++++ Input data
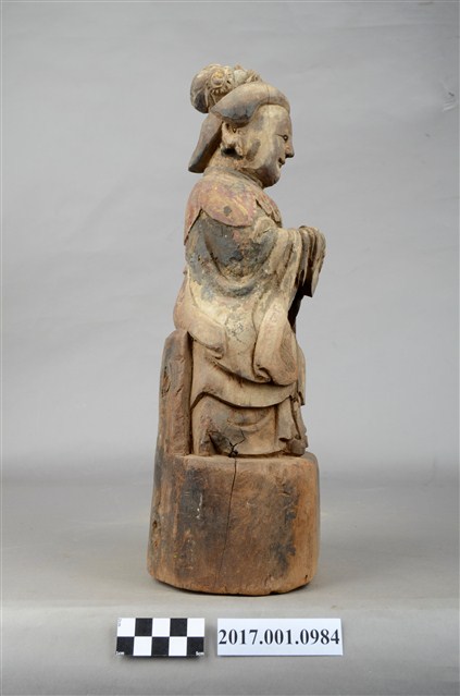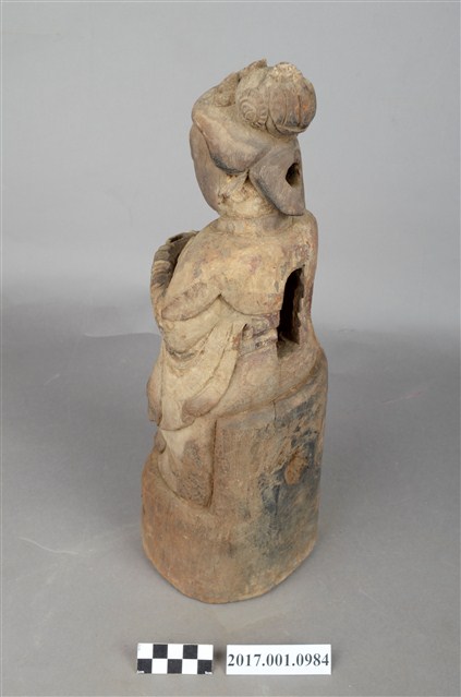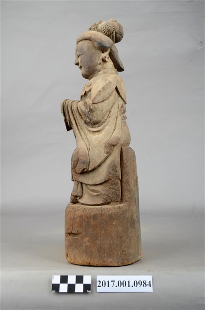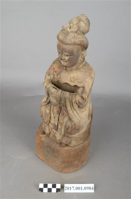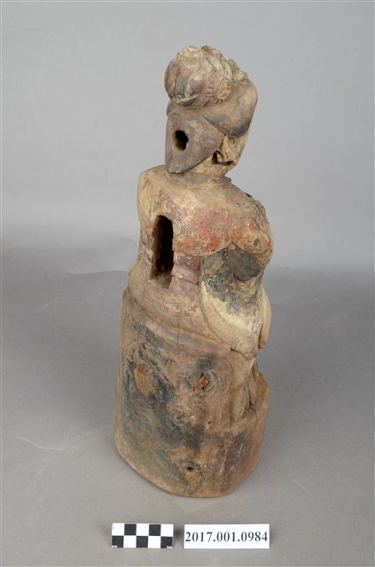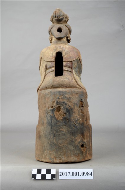 1.本件木雕碧霞元君像採坐姿造形,表面之漆面脫落。元君後腦杓有一圓形入神洞,背部有一長方形入神洞,封榫佚失,兩洞之內部物件已取出。碧霞元君坐在臺座上,臺座正面平整,後面呈弧形,底部有蛀蝕現象。碧霞元君端坐,雙足自然下垂,腳著弓鞋。臉型圓潤,臉孔娟秀,雙耳戴有耳飾,頭梳華麗的圓髻,上有漂亮的髮飾裝飾。身著寬袖袍服長裙、袖子下襬垂於兩膝外側,肩披如意雲肩。雙手交握於胸前,手掌藏於水袖內。
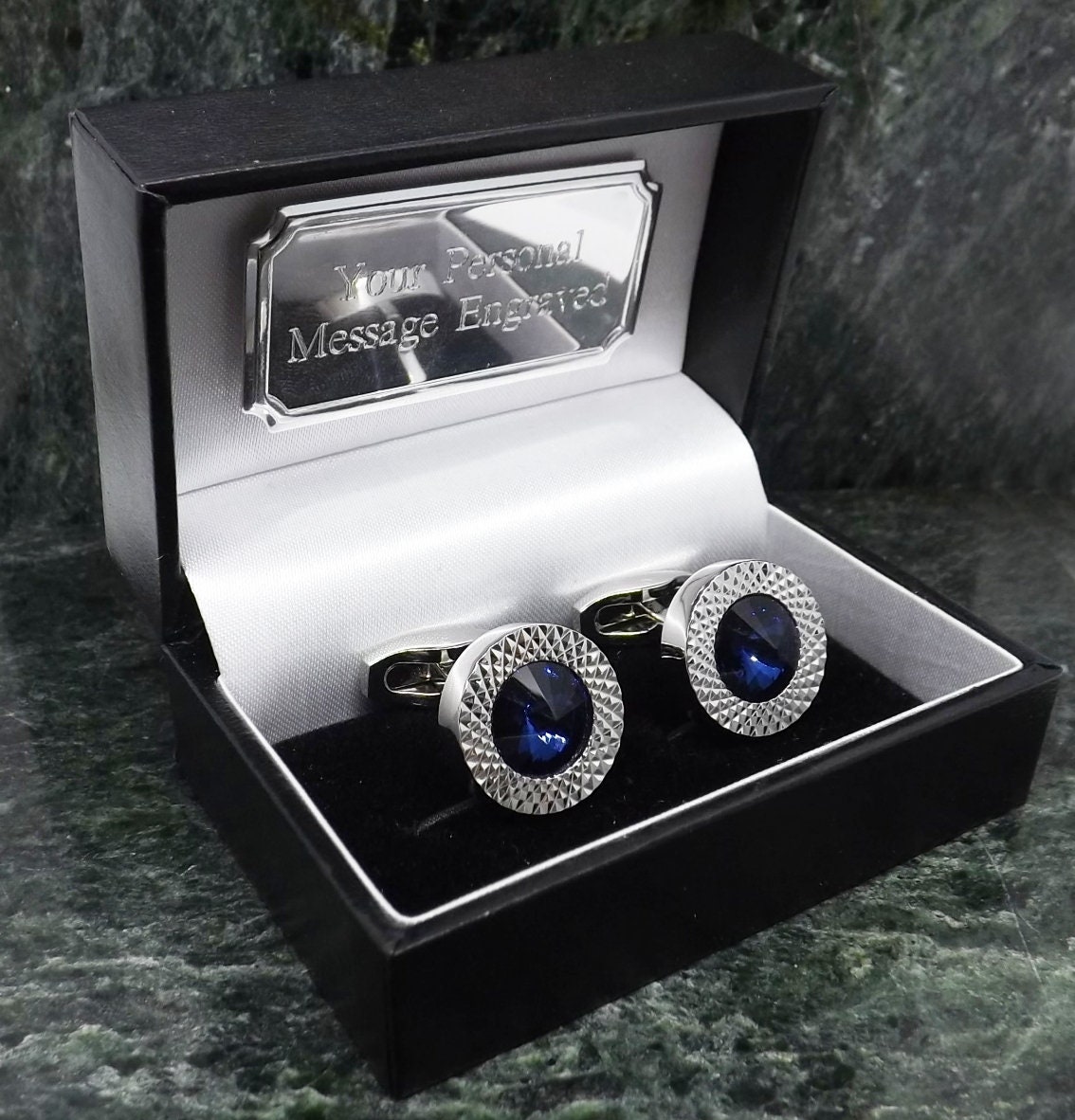 Blue Swarovski Cufflinks Personalised Cufflinks Crystal Cufflinks G...
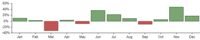 Jak ukazuje výše uvedená sezónní výkonnost vůči indexu S&P 500 $SPY, společnost Nio $NIO v září obvykle dosahuje horších výsledků. Od října do února však akcie zase dosahují lepších výsledků než index.
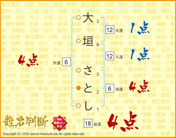 あなたの人生を表す1番重要な運勢です。生涯を通じて影響する総合運となり、主に50歳以降の晩年期に影響を及ぼします。苗字と名前の合計画数。
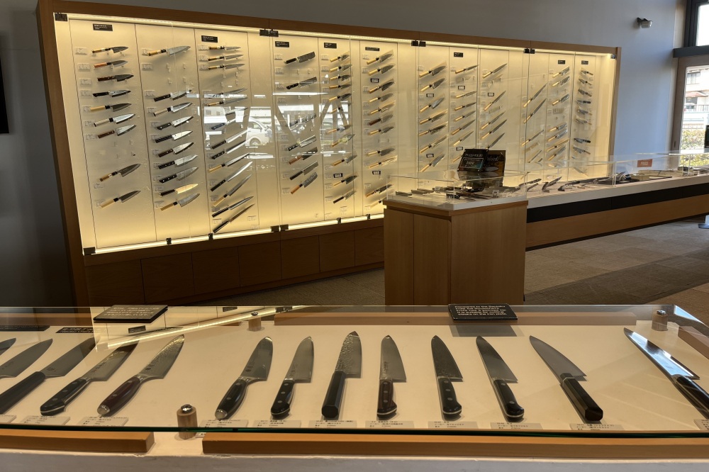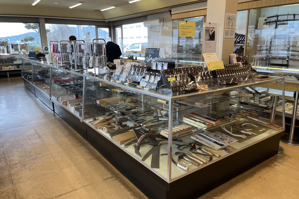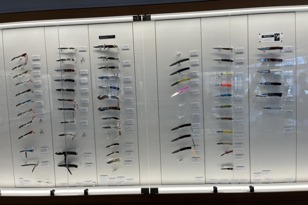 その迫力に思わず圧倒されます。三徳包丁や牛刀といった各種包丁をはじめ、ポケットナイフなど、多彩な刃物が展示・販売されています。
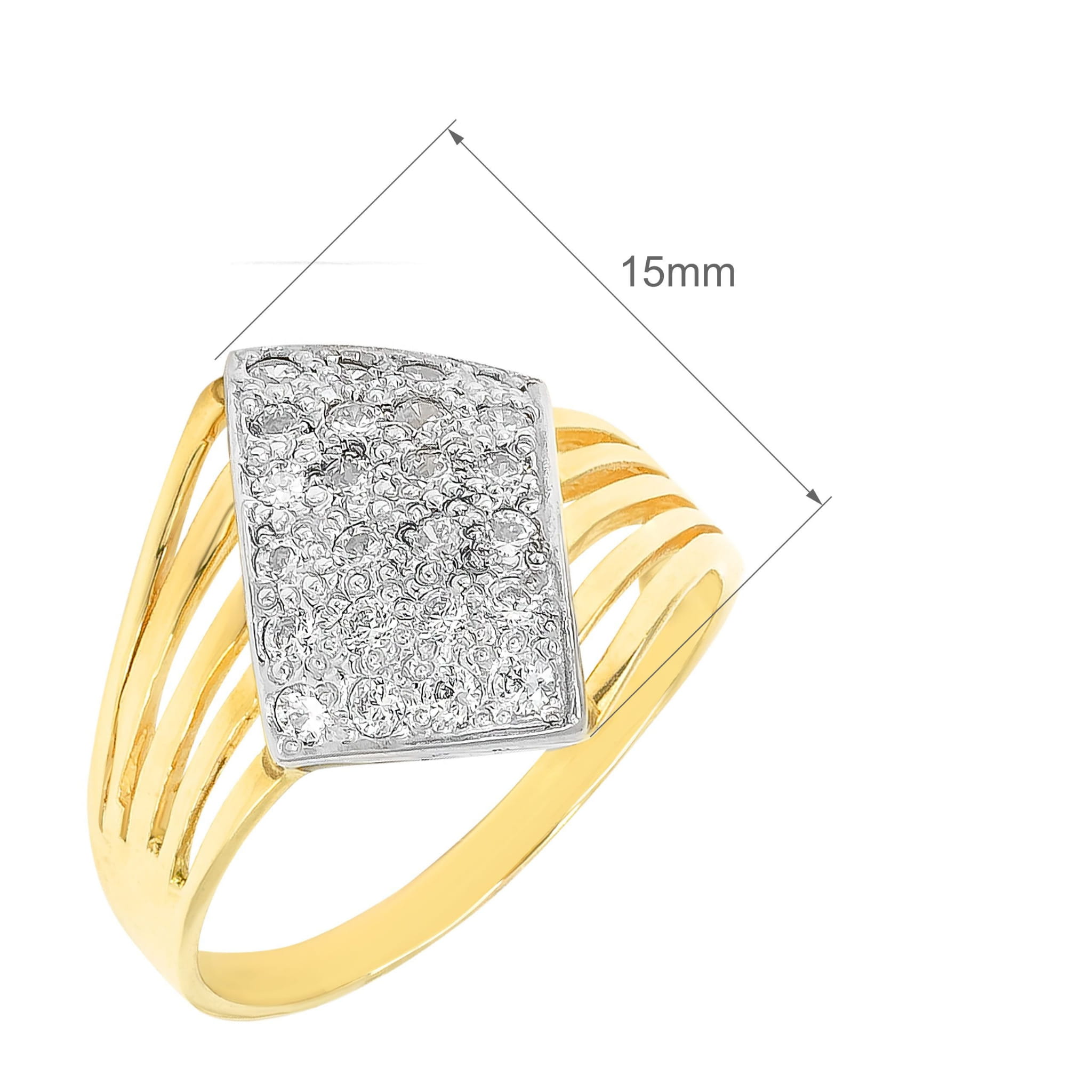Geometryczna oprawa nadaje pierścionkowi nowoczesny styl, a liczne cyrkonie pięknie odbijają światło, podkreślając luksusowy charakter biżuterii. Smukła obrączka oraz subtelne rozcięcia po bokach dodają całości lekkości i sprawiają, że pierścionek doskonale układa się na palcu.
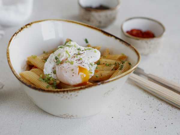 Все необходимые ингредиенты для приготовления макарон с яйцом пашот - перед вами.
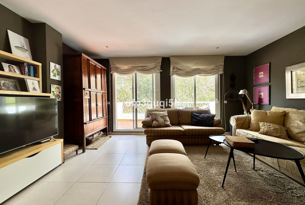 There are 2 double bedrooms with fitted wardrobes and 2 bathrooms with marble tiles on the walls. The ensuites bathroom has a bathtub with hydromassage. The guest bedrooms has access to the main terrace and the master bedrooms has a smaller private terrace. There is centralized aircondition throughout the house with hot and cold air. The double glazed windows have blinds and mosquito nets.
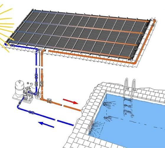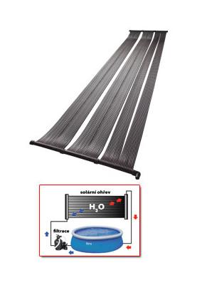 Systém solárních kolektorů se pomocí hadic propojí k filtrační pumpě (odtok vody) a bazénu (přítok vody). Průtokem v solárních panelech se voda zahřeje a vrací se zpět ohřátá do bazénu. Design solárních panelů byl navržen tak, aby mohlo docházet k ohřevu vody pomocí co největší plochy. Ohřev vody tímto způsobem je velmi efektivní a samotný ohřev vody je bez nákladů. Solární panel je vyroben z TPE (termoplastický elestomer) a PE (polyethylen) materiálu, nepodléhá korozi a ničení v důsledku působení rzi. Solární panely jsou oboustranné, což zvyšuje jejich životnost.
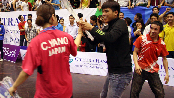 Đó là tình huống cặp VĐV của Nhật Bản sau khi vô địch đôi nữ đã ném vợt lên khán đài tặng khán giả thay lời tri ân, nhưng khi vợt vừa ném lên nhiều khán giả đã lao vào giành giật, thậm chí ẩu đả để đoạt vợt. Xấu xí hơn là hình ảnh một khán giả đã lao vào sân, cướp chiếc vợt trên tay Yano Chiemi trong sự ngỡ ngàng của nữ VĐV Nhật Bản này.
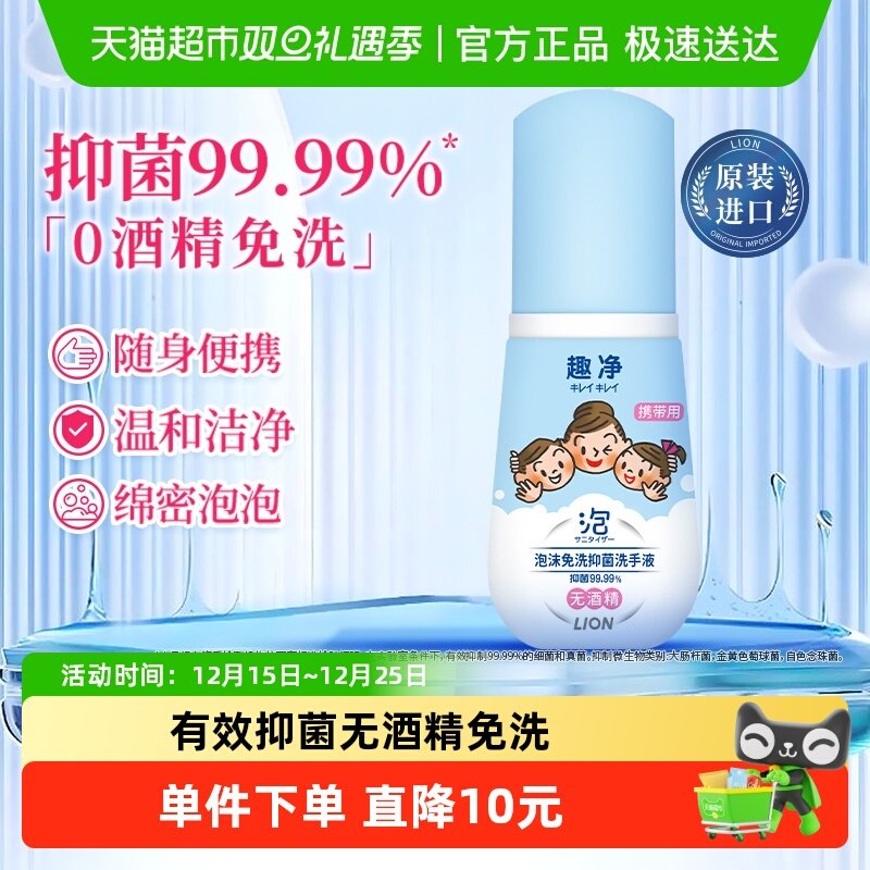 狮王趣净泡沫免洗抑菌洗手液出差旅行便携装宝宝适用温和无酒精
++++++++
§ What to do
From the first line to the last, set down the data exactly, without the pictures.

§ Response area
 1.本件木雕碧霞元君像採坐姿造形,表面之漆面脫落。元君後腦杓有一圓形入神洞,背部有一長方形入神洞,封榫佚失,兩洞之內部物件已取出。碧霞元君坐在臺座上,臺座正面平整,後面呈弧形,底部有蛀蝕現象。碧霞元君端坐,雙足自然下垂,腳著弓鞋。臉型圓潤,臉孔娟秀,雙耳戴有耳飾,頭梳華麗的圓髻,上有漂亮的髮飾裝飾。身著寬袖袍服長裙、袖子下襬垂於兩膝外側,肩披如意雲肩。雙手交握於胸前,手掌藏於水袖內。
 Blue Swarovski Cufflinks Personalised Cufflinks Crystal Cufflinks G...
 Jak ukazuje výše uvedená sezónní výkonnost vůči indexu S&P 500 $SPY, společnost Nio $NIO v září obvykle dosahuje horších výsledků. Od října do února však akcie zase dosahují lepších výsledků než index.
 あなたの人生を表す1番重要な運勢です。生涯を通じて影響する総合運となり、主に50歳以降の晩年期に影響を及ぼします。苗字と名前の合計画数。
 その迫力に思わず圧倒されます。三徳包丁や牛刀といった各種包丁をはじめ、ポケットナイフなど、多彩な刃物が展示・販売されています。
Geometryczna oprawa nadaje pierścionkowi nowoczesny styl, a liczne cyrkonie pięknie odbijają światło, podkreślając luksusowy charakter biżuterii. Smukła obrączka oraz subtelne rozcięcia po bokach dodają całości lekkości i sprawiają, że pierścionek doskonale układa się na palcu.
 Все необходимые ингредиенты для приготовления макарон с яйцом пашот - перед вами.
 There are 2 double bedrooms with fitted wardrobes and 2 bathrooms with marble tiles on the walls. The ensuites bathroom has a bathtub with hydromassage. The guest bedrooms has access to the main terrace and the master bedrooms has a smaller private terrace. There is centralized aircondition throughout the house with hot and cold air. The double glazed windows have blinds and mosquito nets.
 Systém solárních kolektorů se pomocí hadic propojí k filtrační pumpě (odtok vody) a bazénu (přítok vody). Průtokem v solárních panelech se voda zahřeje a vrací se zpět ohřátá do bazénu. Design solárních panelů byl navržen tak, aby mohlo docházet k ohřevu vody pomocí co největší plochy. Ohřev vody tímto způsobem je velmi efektivní a samotný ohřev vody je bez nákladů. Solární panel je vyroben z TPE (termoplastický elestomer) a PE (polyethylen) materiálu, nepodléhá korozi a ničení v důsledku působení rzi. Solární panely jsou oboustranné, což zvyšuje jejich životnost.
 Đó là tình huống cặp VĐV của Nhật Bản sau khi vô địch đôi nữ đã ném vợt lên khán đài tặng khán giả thay lời tri ân, nhưng khi vợt vừa ném lên nhiều khán giả đã lao vào giành giật, thậm chí ẩu đả để đoạt vợt. Xấu xí hơn là hình ảnh một khán giả đã lao vào sân, cướp chiếc vợt trên tay Yano Chiemi trong sự ngỡ ngàng của nữ VĐV Nhật Bản này.
 狮王趣净泡沫免洗抑菌洗手液出差旅行便携装宝宝适用温和无酒精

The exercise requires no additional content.